▶ WHAT NEEDS TO BE DONE: Word for word, set down every line of the entries below from the line with "A borda esquerda" to the line with "9 AA batteries;", including both, and no other line.

▶ SUPPLIED DATA:
········
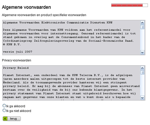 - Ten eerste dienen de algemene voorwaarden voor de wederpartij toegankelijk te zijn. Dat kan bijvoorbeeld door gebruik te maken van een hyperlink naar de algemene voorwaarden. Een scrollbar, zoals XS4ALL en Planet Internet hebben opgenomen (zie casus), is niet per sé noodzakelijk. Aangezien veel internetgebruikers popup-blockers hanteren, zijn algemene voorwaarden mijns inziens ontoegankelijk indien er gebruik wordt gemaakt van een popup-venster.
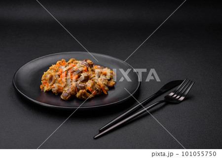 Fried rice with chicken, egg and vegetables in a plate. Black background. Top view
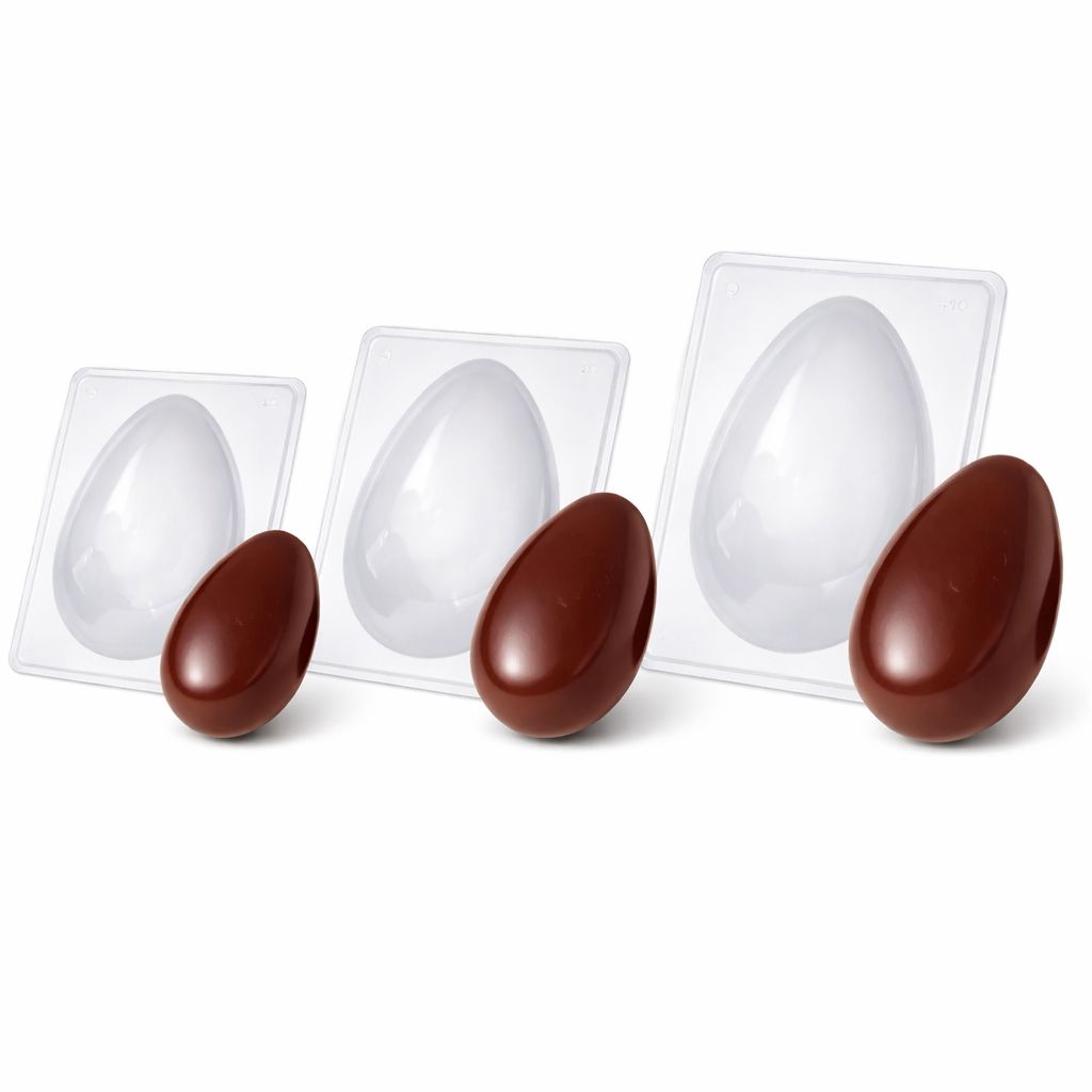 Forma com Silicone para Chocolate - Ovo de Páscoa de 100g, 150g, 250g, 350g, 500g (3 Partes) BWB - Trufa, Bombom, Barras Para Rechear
········
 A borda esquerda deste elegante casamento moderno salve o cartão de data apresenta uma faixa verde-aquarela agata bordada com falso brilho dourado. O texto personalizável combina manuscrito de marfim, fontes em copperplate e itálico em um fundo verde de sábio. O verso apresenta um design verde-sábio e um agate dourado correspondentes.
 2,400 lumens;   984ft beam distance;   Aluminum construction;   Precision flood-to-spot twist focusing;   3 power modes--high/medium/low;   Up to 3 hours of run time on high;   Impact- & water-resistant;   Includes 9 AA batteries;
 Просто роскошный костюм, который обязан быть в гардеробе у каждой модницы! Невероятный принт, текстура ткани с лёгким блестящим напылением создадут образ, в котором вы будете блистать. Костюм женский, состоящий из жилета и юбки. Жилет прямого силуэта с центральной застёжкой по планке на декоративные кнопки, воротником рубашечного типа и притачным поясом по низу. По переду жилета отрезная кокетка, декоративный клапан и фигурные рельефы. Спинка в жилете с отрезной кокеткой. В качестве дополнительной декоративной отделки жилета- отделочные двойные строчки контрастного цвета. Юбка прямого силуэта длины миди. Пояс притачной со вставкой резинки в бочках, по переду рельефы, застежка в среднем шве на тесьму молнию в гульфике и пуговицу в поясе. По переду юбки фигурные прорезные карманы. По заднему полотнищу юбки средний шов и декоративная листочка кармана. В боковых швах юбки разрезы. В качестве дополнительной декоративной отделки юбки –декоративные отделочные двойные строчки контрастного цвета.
········
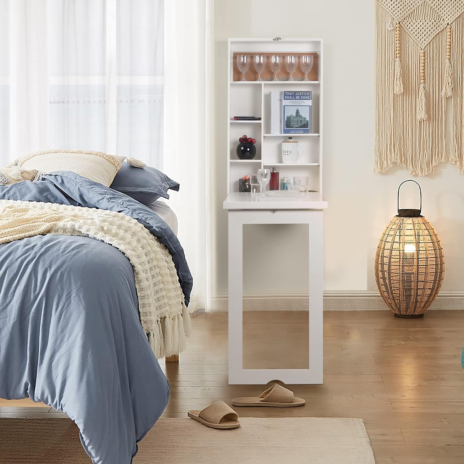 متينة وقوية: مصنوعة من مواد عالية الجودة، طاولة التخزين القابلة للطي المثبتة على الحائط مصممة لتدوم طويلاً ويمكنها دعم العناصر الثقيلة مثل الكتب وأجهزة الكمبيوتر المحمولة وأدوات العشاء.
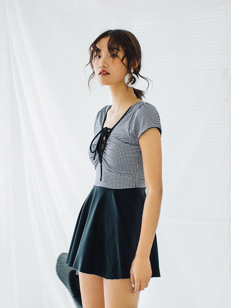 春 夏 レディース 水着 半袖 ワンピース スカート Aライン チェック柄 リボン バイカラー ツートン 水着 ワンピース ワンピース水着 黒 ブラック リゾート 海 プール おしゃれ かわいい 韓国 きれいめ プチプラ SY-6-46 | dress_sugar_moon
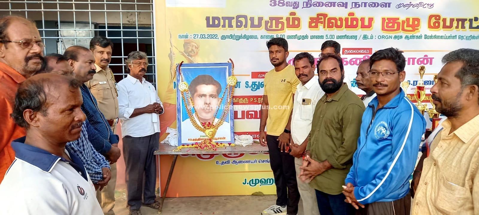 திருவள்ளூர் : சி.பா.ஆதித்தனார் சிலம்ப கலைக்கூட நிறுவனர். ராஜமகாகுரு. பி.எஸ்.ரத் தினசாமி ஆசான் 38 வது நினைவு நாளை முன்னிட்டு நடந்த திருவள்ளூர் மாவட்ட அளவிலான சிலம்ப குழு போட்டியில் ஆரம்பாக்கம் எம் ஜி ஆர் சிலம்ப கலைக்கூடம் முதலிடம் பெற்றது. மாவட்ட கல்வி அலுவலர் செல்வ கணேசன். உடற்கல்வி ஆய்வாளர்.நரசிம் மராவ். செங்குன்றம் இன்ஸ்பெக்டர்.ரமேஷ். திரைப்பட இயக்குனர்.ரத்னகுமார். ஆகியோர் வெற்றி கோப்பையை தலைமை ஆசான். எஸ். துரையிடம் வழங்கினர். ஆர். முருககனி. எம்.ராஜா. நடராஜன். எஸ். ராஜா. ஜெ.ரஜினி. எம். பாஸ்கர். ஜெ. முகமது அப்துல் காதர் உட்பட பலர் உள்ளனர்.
········
▶ PROBLEM SOLUTION:
 A borda esquerda deste elegante casamento moderno salve o cartão de data apresenta uma faixa verde-aquarela agata bordada com falso brilho dourado. O texto personalizável combina manuscrito de marfim, fontes em copperplate e itálico em um fundo verde de sábio. O verso apresenta um design verde-sábio e um agate dourado correspondentes.
 2,400 lumens;   984ft beam distance;   Aluminum construction;   Precision flood-to-spot twist focusing;   3 power modes--high/medium/low;   Up to 3 hours of run time on high;   Impact- & water-resistant;   Includes 9 AA batteries;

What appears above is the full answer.